# Does a path can be Hamiltonian and Eulerian at the same time?

If so does it force it to be a simple circle?

Or any other restrictions?

How would it look like?

Thanks in advance

## 3 Answers

A path is Hamiltonian if each vertex is visited exactly once. A path is Eulerian if every edge is traversed exactly once. Clearly, these conditions are not mutually exclusive for all graphs: if a simple connected graph $G$ itself consists of a path (so exactly two vertices have degree $1$ and all other vertices have degree $2$), then that path is both Hamiltonian and Eulerian. If $G$ is a cycle, then that cycle is Hamiltonian and Eulerian.

• Thanks does that path have to be a simple circle? cant think on a way to draw it as not simple – The One Jun 27 '14 at 14:18

The answer is yes.

We have two criteria to meet:

$1.$ Have either $2$ odd vertices or have none at all.

$2.$ Travel to each vertex once and only once, and return to the starting point.

These can both be met, and an example is: (Source: "Eulerian and Hamiltonian Graphs", Mathematics Learning Center, p.3)

Note: I have assumed for criteria $2$ that you are referring to a Hamiltonian circuit.

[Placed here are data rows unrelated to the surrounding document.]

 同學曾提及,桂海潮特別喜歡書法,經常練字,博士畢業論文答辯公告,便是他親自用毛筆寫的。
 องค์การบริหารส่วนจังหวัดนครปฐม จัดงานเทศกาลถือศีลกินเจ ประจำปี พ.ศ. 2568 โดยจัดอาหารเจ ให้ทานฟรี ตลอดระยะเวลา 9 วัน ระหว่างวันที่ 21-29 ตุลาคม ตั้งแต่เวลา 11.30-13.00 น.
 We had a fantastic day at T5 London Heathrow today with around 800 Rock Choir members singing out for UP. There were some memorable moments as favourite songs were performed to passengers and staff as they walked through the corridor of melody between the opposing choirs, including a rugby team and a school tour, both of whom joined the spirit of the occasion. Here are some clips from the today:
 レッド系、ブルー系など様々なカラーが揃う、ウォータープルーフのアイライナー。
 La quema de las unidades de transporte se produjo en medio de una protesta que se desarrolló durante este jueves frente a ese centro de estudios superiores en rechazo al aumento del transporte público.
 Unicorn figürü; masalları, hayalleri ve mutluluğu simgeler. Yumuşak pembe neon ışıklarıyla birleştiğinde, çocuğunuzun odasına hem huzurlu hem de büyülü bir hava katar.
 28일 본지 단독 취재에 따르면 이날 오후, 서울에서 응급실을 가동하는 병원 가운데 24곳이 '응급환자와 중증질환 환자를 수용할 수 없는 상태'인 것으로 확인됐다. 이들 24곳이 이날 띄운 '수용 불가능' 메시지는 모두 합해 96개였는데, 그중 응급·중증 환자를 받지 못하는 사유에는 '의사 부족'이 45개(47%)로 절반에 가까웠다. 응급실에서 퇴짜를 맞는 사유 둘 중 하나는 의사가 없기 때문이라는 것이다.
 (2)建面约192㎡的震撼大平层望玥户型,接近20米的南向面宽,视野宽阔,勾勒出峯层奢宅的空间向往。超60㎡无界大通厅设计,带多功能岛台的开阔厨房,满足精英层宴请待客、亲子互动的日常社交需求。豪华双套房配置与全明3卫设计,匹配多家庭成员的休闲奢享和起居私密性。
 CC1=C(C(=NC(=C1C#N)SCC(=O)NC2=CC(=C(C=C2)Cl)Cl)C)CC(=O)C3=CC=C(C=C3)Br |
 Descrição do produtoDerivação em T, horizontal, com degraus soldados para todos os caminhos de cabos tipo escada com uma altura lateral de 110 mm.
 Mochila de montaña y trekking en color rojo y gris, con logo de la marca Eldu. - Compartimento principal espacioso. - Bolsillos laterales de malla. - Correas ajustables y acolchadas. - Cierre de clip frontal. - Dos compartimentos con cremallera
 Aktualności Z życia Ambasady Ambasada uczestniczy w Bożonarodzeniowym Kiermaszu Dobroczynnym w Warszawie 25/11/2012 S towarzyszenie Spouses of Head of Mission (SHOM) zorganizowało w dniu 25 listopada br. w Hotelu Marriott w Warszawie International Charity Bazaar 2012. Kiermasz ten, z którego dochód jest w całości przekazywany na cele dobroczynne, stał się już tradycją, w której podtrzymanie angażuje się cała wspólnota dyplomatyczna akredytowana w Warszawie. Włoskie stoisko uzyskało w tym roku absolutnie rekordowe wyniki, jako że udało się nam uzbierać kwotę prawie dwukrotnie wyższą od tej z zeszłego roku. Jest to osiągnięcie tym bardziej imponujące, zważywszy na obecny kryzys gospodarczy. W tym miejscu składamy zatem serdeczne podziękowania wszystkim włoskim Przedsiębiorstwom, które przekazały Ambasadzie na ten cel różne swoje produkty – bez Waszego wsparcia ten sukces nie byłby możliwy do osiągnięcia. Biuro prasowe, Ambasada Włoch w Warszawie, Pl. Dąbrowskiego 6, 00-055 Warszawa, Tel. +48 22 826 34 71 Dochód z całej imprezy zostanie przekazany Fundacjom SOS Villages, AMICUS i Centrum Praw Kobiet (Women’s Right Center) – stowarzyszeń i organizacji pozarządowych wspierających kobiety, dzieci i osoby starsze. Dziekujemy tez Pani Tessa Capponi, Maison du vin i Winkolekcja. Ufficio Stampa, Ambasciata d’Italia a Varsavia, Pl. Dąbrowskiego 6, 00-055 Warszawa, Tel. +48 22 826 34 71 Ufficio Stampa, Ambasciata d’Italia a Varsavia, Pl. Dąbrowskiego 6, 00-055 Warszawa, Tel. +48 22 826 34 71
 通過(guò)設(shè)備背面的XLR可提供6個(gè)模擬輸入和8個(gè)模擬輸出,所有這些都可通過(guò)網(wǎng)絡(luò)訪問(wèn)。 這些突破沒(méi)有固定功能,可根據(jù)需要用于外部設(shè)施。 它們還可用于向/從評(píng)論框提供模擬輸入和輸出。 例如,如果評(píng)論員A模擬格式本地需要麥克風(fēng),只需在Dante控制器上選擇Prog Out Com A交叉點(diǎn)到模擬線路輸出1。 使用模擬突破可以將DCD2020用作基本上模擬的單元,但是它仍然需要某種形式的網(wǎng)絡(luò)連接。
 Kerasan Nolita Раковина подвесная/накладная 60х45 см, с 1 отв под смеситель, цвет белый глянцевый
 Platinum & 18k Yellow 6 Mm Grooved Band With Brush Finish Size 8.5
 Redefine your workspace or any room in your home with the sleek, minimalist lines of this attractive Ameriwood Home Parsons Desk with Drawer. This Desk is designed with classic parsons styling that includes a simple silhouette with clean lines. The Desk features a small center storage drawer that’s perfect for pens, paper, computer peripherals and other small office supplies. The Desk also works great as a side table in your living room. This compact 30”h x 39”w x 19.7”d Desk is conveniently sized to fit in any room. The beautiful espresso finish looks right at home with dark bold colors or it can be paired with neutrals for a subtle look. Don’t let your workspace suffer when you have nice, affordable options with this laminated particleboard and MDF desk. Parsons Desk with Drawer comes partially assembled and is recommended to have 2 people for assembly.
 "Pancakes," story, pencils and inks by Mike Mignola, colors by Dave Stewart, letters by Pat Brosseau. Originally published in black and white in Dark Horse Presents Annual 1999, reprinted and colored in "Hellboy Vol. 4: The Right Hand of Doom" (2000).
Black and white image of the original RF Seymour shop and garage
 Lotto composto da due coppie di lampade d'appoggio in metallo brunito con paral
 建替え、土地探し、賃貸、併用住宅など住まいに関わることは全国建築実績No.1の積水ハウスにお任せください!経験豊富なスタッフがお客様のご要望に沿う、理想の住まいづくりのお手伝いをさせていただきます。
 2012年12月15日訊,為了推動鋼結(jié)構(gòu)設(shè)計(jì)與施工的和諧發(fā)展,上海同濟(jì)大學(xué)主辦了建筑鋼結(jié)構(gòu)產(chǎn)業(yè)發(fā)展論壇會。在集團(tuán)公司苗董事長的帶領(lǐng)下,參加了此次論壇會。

• Thanks yea i meant a circuit, does it have to be a simple circuit? – The One Jun 27 '14 at 14:39
• @kfir124 If it wasn't a simple circuit, then by definition it would visit some vertex more than once, and so it wouldn't be hamiltonian. – MJD Jun 27 '14 at 15:09
• I think we need to be clear on what the question is asking. The OP asked, "can a path be Hamiltonian and Eulerian at the same time." Your answer addresses a different question, which is "can a graph be Hamiltonian and Eulerian at the same time." – heropup Jun 27 '14 at 15:27
• The graph in the figure is both Hamiltonian and Eulerian, but the Eulerian path (circuit) visits some nodes more than once, and the Hamiltonian cannot visit all nodes. – SOFe Dec 9 '18 at 15:16

To set the record clear: Yes.

A Path can be both Eularian and Hamiltonian. A Hamiltonian path is a spanning path, and an Eularian path goes through each edge exactly once. To consider a path holding both properties at the same time, think of the maximal path in $P_n$.